Jin melepaskan genggaman tangannya perlahan, kemudian ku ambil cincin yang tersisa dalam kotak beludru yang ukurannya sedikit lebih besar dari yang aku pakai.


Ragu. Aku ragu-ragu saat hendak memakaikannya. Ku tutup mataku dengan takut-takut ku coba memasangkan cincin itu di jari manisnya. Perlahan aku mulai membuka mata melihat tangannya yang masih ku pegang. Manis. Jarinya sangat manis memakainya.


Tanganku terasa begitu dingin sekali. Tidak hanya tanganku namun juga tubuhku serasa menggigil. Jin tiba-tiba berbalik menggenggam tanganku erat. Dia menghela napas dalam kemudian mengangkat tangan kami yang bergenggaman menunjukkan pada semua keluarga kami yang ada di sana.


Tunggu! Aku tak sadar aku juga menggenggam tangan Jin dengan erat. Apa-apaan ini?


Tidak ada suara. Sunyi. Tidak ada suara sorakan, tidak ada riuh tepuk tangan.


GREB!!!


Ayahku tiba-tiba langsung menangis dan mendekap erat Jin yang berada di dekatku dan masih menggenggam erat tanganku.


Begitu pun dengan ku... mereka semua bergantian memelukku dan Jin dengan tangisan haru.

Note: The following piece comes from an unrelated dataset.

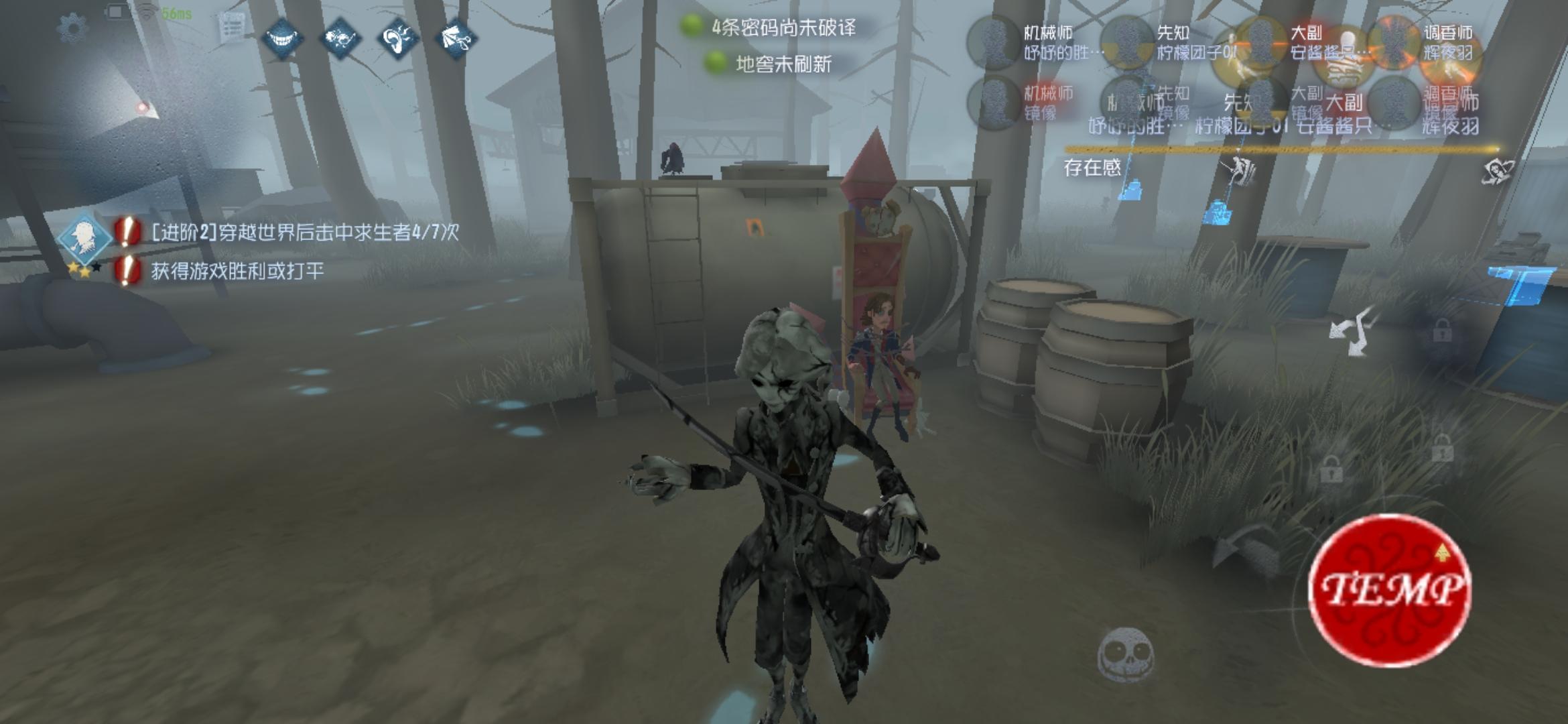 如图还有几张忘记截图了内容:技能可以照常使用(虽然貌似没有解锁),但贴图出误,使用技能后,出现了类似鬼脸的技能图案(偷跑?),破译完成密码机呈现蓝色状态触发原因:突然断线重连
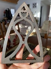 I believe this is mid to early 1800s or older. Early primitive square naive cast iron mold with no fine details. A nice early example! SO MANY CAST IRON FOOTED HOTPLATES TRIVETS FLAT SAD IRON STANDS ARE REPRODUCTION OF ANTIQUES, 9/10 times or more these are much newer and reproduced. I stumbled upon a collection of genuine original oldies not repro! AMERICANA Great finds and genuine original antique items IF YOU ARE LOOKING FOR THE LOOK OF THESE ITEMS BUT A LOW PRICE TRY THE LOWER QUALITY MUCH NEWER REPRODUCTIONS, they go between 10-20 bucks generally and look similar The ones im selling are for serious collectors only.

Semua benar-benar menangis. Tidak tertawa seperti sebelumnya. Semua larut dalam keharuan. Sampai-sampai keinginanku untuk menangis sedari tadi kini ikut ku luapkan. Bedanya mereka menangis terharu. Dan aku... menangisi hidupku yang serasa kacau.


Dan.... sejak hari ini.... aku telah disahkan menjadi tunangan dari sesorang. Dan... orang itu baru dua hari yang lalu ku kenal.